Uploading all my email into GMail
Combining and uploading all mailboxes into GMail requires a small amount of trickery. Have a look at the end of this page to read the conclusions first, then read the whole document from the start to get an idea of the problems I encountered.
In brief, don't worry about duplicated messages, be aware that GMail will thread messages into "Conversations", and remember to check your "Spam" folder regularly. GMail will perform very good Spam filtering on your mail.
Begin
Several parts here - I've tried merging all my files beforehand, but had problems with mysterious truncated emails. I'm processing the raw mail boxes first to make sure the headers are clean and intact.
mkdir sorting_out_mail
cd sorting_out_mail/
tar zxvf ~/Desktop/0.\ Inbox/copy\ on\ disk/allmail_mattk.tgz
I then looked through all the directories and uncompressed all tarball and gzip files I could find. The end result is a complex deep directory structure ending at Mailbox files.

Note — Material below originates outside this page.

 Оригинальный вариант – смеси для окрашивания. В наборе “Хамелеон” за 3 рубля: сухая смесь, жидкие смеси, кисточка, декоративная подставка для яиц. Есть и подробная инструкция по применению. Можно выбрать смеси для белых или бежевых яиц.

I want to rename all the mailbox files into the root directory with an ascending number prefixed.
Select all the files below this by using:
find . -type f -name "*" -print
This loops through, finds files, and makes a unique name for the mailbox in the root directory:
j=1;for i in `find . -type f -name "*" -print`; do echo $i `printf "%03d" $j``basename $i`;j=$(( j+1 )); done
This actually does the file move for you:
j=1;for i in `find . -type f -name "*" -print`; do mv $i `printf "%03d" $j``basename $i`;j=$(( j+1 )); done
Compiling mutt from scratch
curl -O ftp://ftp.mutt.org/mutt/devel/mutt-1.5.19.tar.gz
515 tar zxvf mutt-1.5.19.tar.gz
516 cd mutt-1.5.19
518 ./configure --prefix=/sw --with-curses --with-regex --enable-locales-fix --enable-pop --enable-imap --enable-smtp --with-sasl=/sw --mandir=/sw/share/man
Concatenating all mailboxes
I've taken all these individual mailboxes, installed thunderbird 2.0 on my Mac and Linux box and they've read badly.
Thunderbird has an error where any line in the body of the message that starts with From followed by a space ==>''From ''<== splits the message there and then.

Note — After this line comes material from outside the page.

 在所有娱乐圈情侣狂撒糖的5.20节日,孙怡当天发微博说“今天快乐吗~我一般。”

I edited the mailboxes directly, added a single space, then resaved them. Thunderbird parsed them correctly.
I connected to IMAP gmail after activating it on my account, then dragged mailboxes from local mail into gmail.
Small mailboxes work, but larger ones (gt 100 messages) do not. I've tried Thunderbird on Mac and Linux, and Mail.app on Mac. All crap out after about 100 messages.
So, I'm going to install dovecot, a POP3 mail server, activate it on the local network, then get gmail to pull all the messages over to its servers.
Installing dovecot on a Mac
Steward machines have all addresses blocked, except for 80 and 22 (ssh and http).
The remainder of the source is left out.